#### Work required
A verbatim copy is needed of the lines below from the one containing "一行参观了公司展厅,叶志鹏校" up to and including the one containing "Fairy lights instantly", excluding pictures.

#### Provided material
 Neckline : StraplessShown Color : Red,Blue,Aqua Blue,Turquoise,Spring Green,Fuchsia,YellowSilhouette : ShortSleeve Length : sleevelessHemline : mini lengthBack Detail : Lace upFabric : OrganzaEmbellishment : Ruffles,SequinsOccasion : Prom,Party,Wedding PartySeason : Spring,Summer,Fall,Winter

==

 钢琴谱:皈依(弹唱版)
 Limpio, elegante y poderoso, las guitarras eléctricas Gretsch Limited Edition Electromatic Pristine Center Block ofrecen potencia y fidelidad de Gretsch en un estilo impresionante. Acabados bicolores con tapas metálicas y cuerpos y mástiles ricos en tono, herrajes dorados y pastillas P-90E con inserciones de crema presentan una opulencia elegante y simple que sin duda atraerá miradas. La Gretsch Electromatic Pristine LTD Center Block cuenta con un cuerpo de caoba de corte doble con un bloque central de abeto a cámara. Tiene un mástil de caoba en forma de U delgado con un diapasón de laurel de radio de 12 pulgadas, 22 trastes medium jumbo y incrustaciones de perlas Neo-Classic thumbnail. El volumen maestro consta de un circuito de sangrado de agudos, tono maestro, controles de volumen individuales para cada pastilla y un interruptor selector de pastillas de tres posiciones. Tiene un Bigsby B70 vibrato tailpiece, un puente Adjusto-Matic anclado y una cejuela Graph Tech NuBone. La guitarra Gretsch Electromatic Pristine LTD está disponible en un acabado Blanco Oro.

--

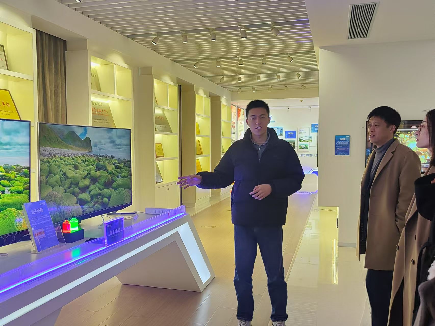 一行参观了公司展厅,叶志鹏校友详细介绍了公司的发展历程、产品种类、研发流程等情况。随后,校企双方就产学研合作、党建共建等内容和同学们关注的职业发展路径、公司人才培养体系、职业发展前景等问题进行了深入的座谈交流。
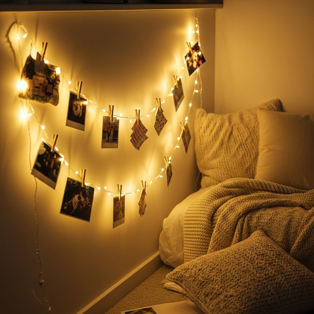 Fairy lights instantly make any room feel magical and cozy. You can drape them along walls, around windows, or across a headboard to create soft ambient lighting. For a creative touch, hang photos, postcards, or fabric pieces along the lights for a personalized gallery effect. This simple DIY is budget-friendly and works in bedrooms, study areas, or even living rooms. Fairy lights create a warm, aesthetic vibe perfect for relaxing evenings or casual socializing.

#### Exercise response
 一行参观了公司展厅,叶志鹏校友详细介绍了公司的发展历程、产品种类、研发流程等情况。随后,校企双方就产学研合作、党建共建等内容和同学们关注的职业发展路径、公司人才培养体系、职业发展前景等问题进行了深入的座谈交流。
 Fairy lights instantly make any room feel magical and cozy. You can drape them along walls, around windows, or across a headboard to create soft ambient lighting. For a creative touch, hang photos, postcards, or fabric pieces along the lights for a personalized gallery effect. This simple DIY is budget-friendly and works in bedrooms, study areas, or even living rooms. Fairy lights create a warm, aesthetic vibe perfect for relaxing evenings or casual socializing.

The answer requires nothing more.